I don’t think I’ve ever been to another garden that was so full to bursting with flowers. It was a joy to see so many plants and no bare earth. When you pay to visit gardens like this who wants to see soil in June. His use of colour was at its most evident in the long border with stunning planting designed to provide interest from April to October but with its peak from mid-June to August. His style of gardening is high maintenance to say the least and we were left wondering how anyone could penetrate the borders from summer onwards, such was the density of the planting. To maintain the look of fullness, annuals and bedding are often replaced throughout the summer, sometimes as much as 3 times.
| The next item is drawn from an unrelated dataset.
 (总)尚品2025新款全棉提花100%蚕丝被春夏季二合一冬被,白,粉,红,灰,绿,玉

Meadows play an important part in the gardens at Great Dixter. They are the first part of the garden that greets you as you enter through the gate and walk towards the house. These areas were created by his mother who loved these naturalistic scenes and would spend her time growing wildflowers from seed. To the back of the house are more meadows which are breath-taking in their simple beauty. Meadows better than any I’ve seen in any nature reserve. I don’t think I’ve seen so many orchids in one place. It’s a strange thing to go all this way to a garden and be blown away by the meadows, but we were.
The barn garden and its planting surrounds the sunken garden with its pond and terraces and was beautiful, a sheltered hideaway. This is just one of many areas at Great Dixter where you realise how important the backdrop of the stunning buildings is to the feel of the gardens. The oast houses with their cowls that are such a quintessential part of the Sussex and Kent countryside, the beautiful tiled barns with their oak trusses and the house, itself, all gave the gardens a real sense of place and set about a debate between Wellyman and I as to how important the setting and buildings are to a truly great garden. Would it be possible to create an outstanding garden if the backdrop was a block of flats, or your average housing estate? I’m not so sure.
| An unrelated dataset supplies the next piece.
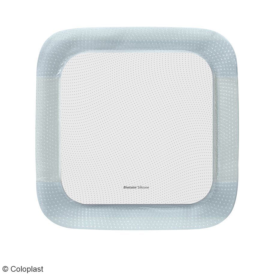 Biatain® Silicone ist ein Polyurethanschaumverband mit einer sanften, vollflächigen Silikonhaftung. Durch einen vollen Kontakt des Schaumkissens mit der Wunde zeichnet sich der Verband durch eine ungehinderte, sehr gute Absorption aus. Die exzellente Retention ermöglicht den Einsatz des Verbandes unter Druck (Kompression). Durch das Silikon Distanzgitter lässt sich der Verband atraumatisch und schmerzarm Entfernen und Repositionieren. Eine einfache, aseptische Applikation wird dank der Non-Touch-Technologie ermöglicht, einer 3-teiligen Applikationsfolie. Durch den extrem flexiblen Aufbau, ist der Verband sehr anschmiegsam und passt sich gut der Körperkontur an.

There is a well-stocked nursery for those who have been inspired by the planting combinations in the garden. The one downside were the refreshment facilities, which for a garden of such renown were disappointing – a tea/coffee machine and a fridge stocking insipid sandwiches. When Lloyd himself wrote a book entitled the Gardener Cook it was rather a let down and a real sense that the trust that now manages the gardens was missing a great opportunity. Improvements to the visitor facilities are ongoing, so hopefully this element will be addressed, which could bring in much needed revenue.
This was a minor gripe, though, for such a beautiful place. The most striking feature that I’m left with from my visit to Great Dixter was the sense of the personality of the man who gardened here for most of his life. The quirky, the stubborn, the conventional and the revolutionary were all evident. This element that makes this garden so special, however poses problems for those who are gardening there now and in the future. Is it possible to maintain the sense of a garden’s creator once they have died and for how long? I’m pleased that, although Christopher Lloyd is no longer here, I was still able to experience something of the individual through his lifelong passion, the gardens of Great Dixter.